__What needs to be done__
From the entries below, copy exactly the lines from the one that contains "Ручка шариковая, синяя" through the one that contains "据游戏工委数据统计,2018", both included, and only those.

__Extracted material__
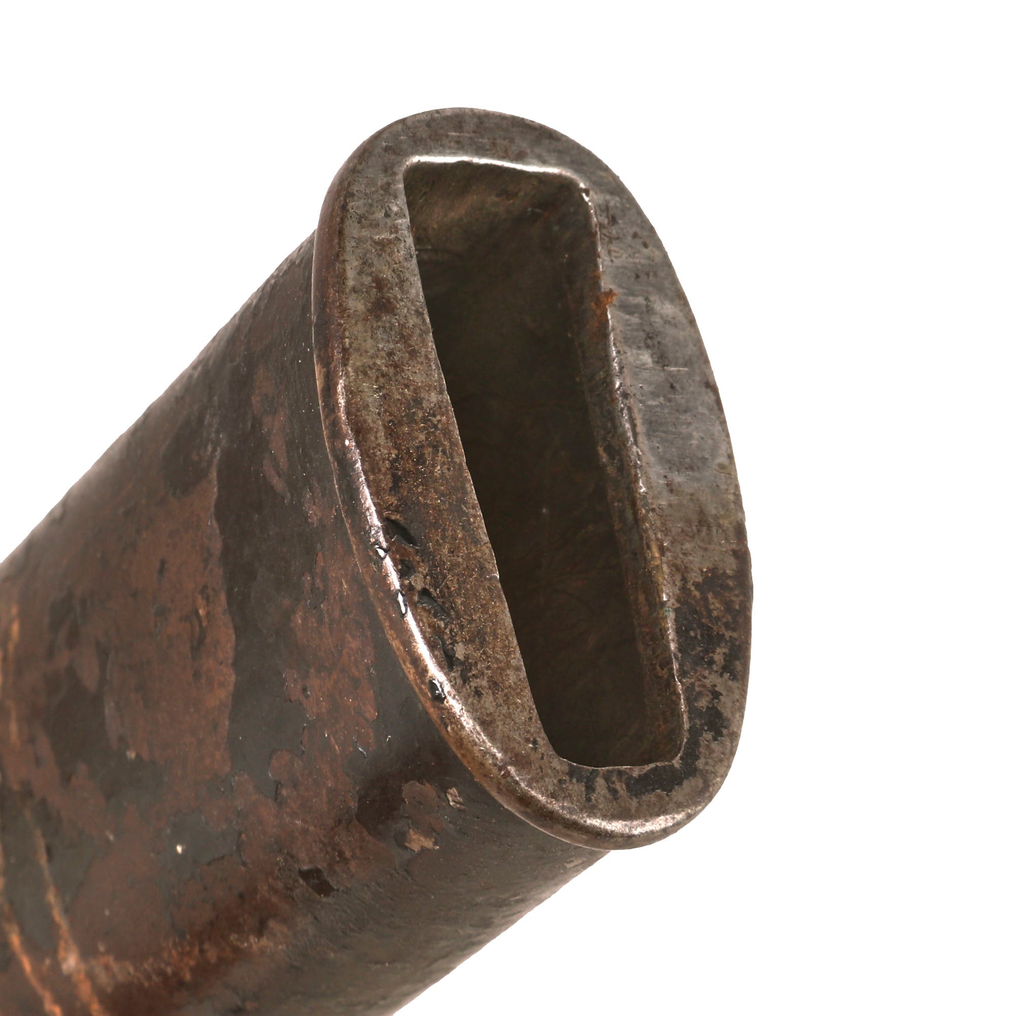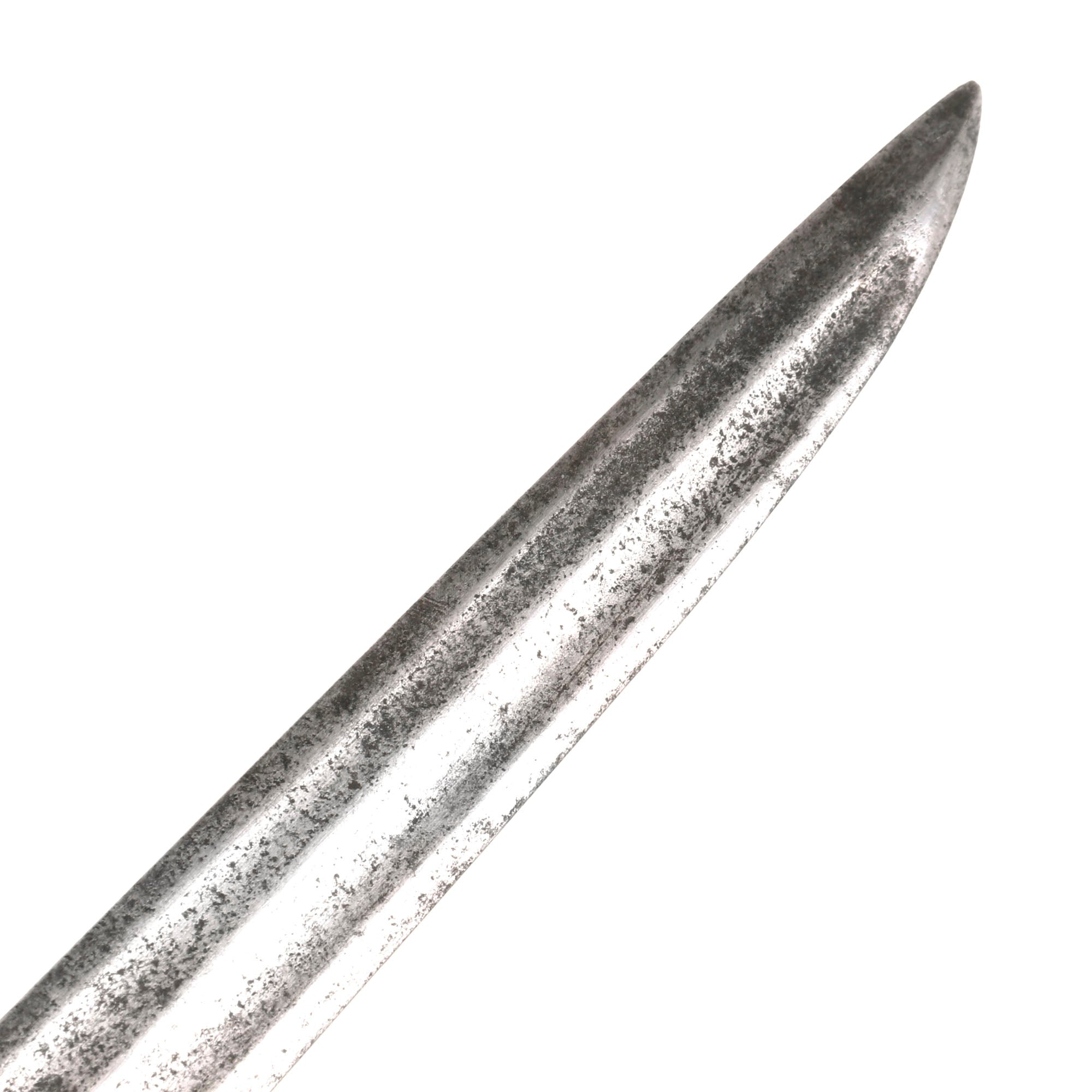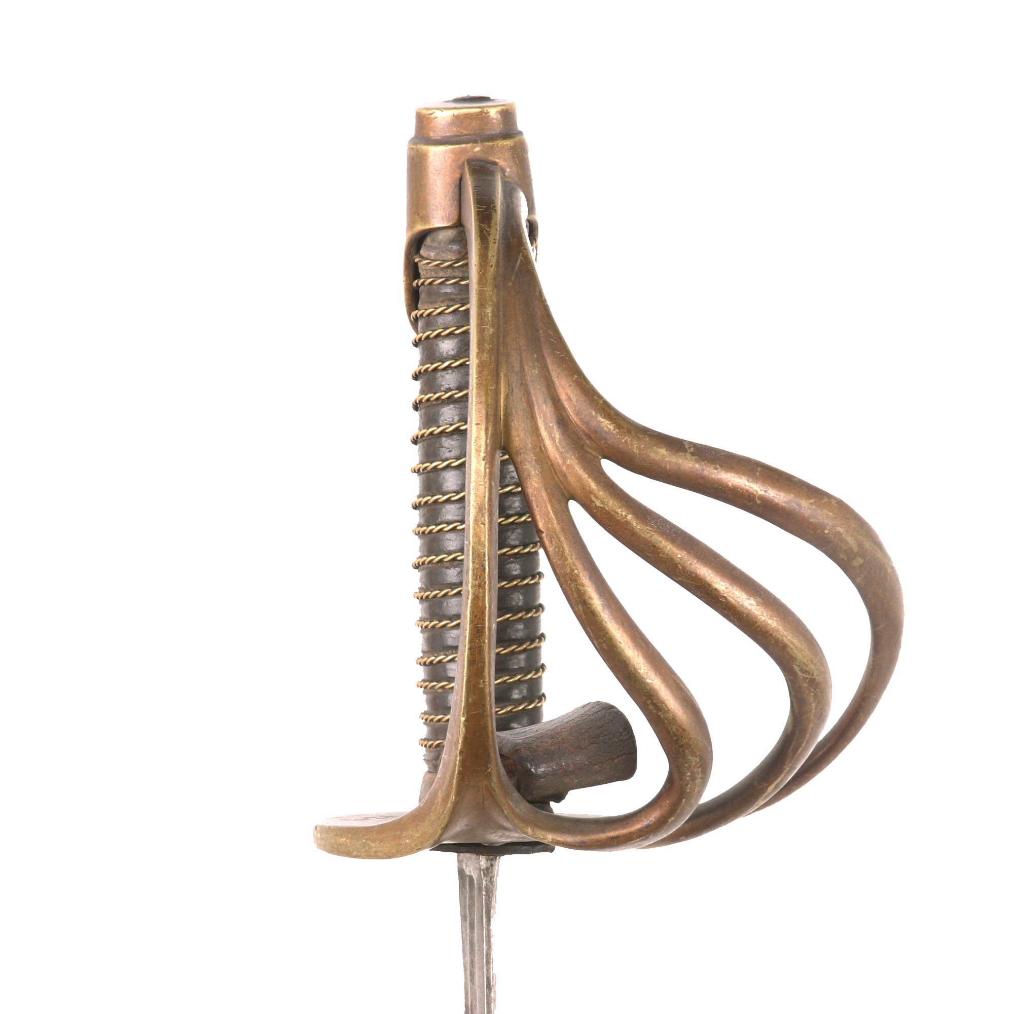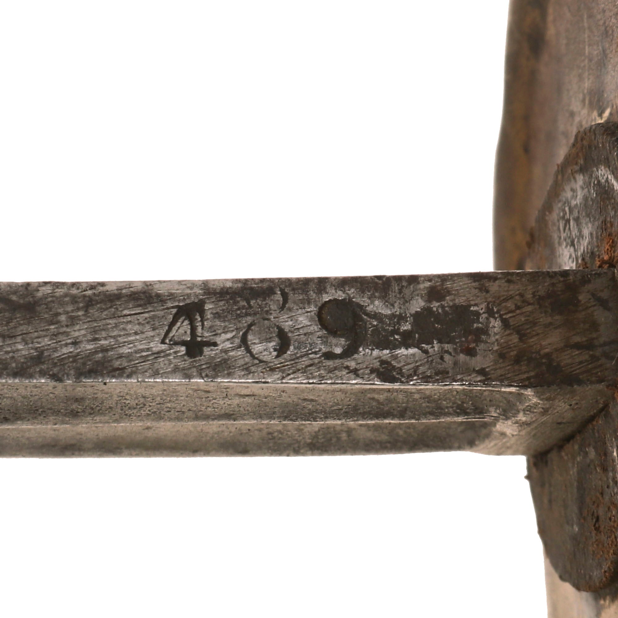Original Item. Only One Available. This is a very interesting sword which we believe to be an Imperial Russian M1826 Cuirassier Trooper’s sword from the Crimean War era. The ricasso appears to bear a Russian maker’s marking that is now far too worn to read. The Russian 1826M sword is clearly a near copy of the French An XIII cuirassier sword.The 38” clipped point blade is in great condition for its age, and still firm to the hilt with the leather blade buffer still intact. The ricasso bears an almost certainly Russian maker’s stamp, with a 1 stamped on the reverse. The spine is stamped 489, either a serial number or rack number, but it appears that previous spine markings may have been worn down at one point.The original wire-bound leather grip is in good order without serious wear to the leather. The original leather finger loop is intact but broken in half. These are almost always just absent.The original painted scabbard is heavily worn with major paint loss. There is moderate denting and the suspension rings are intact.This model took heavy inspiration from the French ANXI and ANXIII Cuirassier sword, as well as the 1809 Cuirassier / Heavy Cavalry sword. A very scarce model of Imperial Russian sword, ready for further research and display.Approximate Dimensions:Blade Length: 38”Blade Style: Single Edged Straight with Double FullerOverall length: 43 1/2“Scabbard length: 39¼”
* * *
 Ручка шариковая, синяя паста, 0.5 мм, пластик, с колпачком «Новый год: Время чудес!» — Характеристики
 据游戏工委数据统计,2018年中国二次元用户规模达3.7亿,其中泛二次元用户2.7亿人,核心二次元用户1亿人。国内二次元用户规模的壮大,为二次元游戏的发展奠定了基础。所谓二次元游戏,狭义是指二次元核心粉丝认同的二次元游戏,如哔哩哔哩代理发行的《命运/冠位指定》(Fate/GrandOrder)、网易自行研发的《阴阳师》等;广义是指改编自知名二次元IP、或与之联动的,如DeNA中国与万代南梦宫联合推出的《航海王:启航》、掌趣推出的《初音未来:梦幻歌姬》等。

__Response to the task__
 Ручка шариковая, синяя паста, 0.5 мм, пластик, с колпачком «Новый год: Время чудес!» — Характеристики
 据游戏工委数据统计,2018年中国二次元用户规模达3.7亿,其中泛二次元用户2.7亿人,核心二次元用户1亿人。国内二次元用户规模的壮大,为二次元游戏的发展奠定了基础。所谓二次元游戏,狭义是指二次元核心粉丝认同的二次元游戏,如哔哩哔哩代理发行的《命运/冠位指定》(Fate/GrandOrder)、网易自行研发的《阴阳师》等;广义是指改编自知名二次元IP、或与之联动的,如DeNA中国与万代南梦宫联合推出的《航海王:启航》、掌趣推出的《初音未来:梦幻歌姬》等。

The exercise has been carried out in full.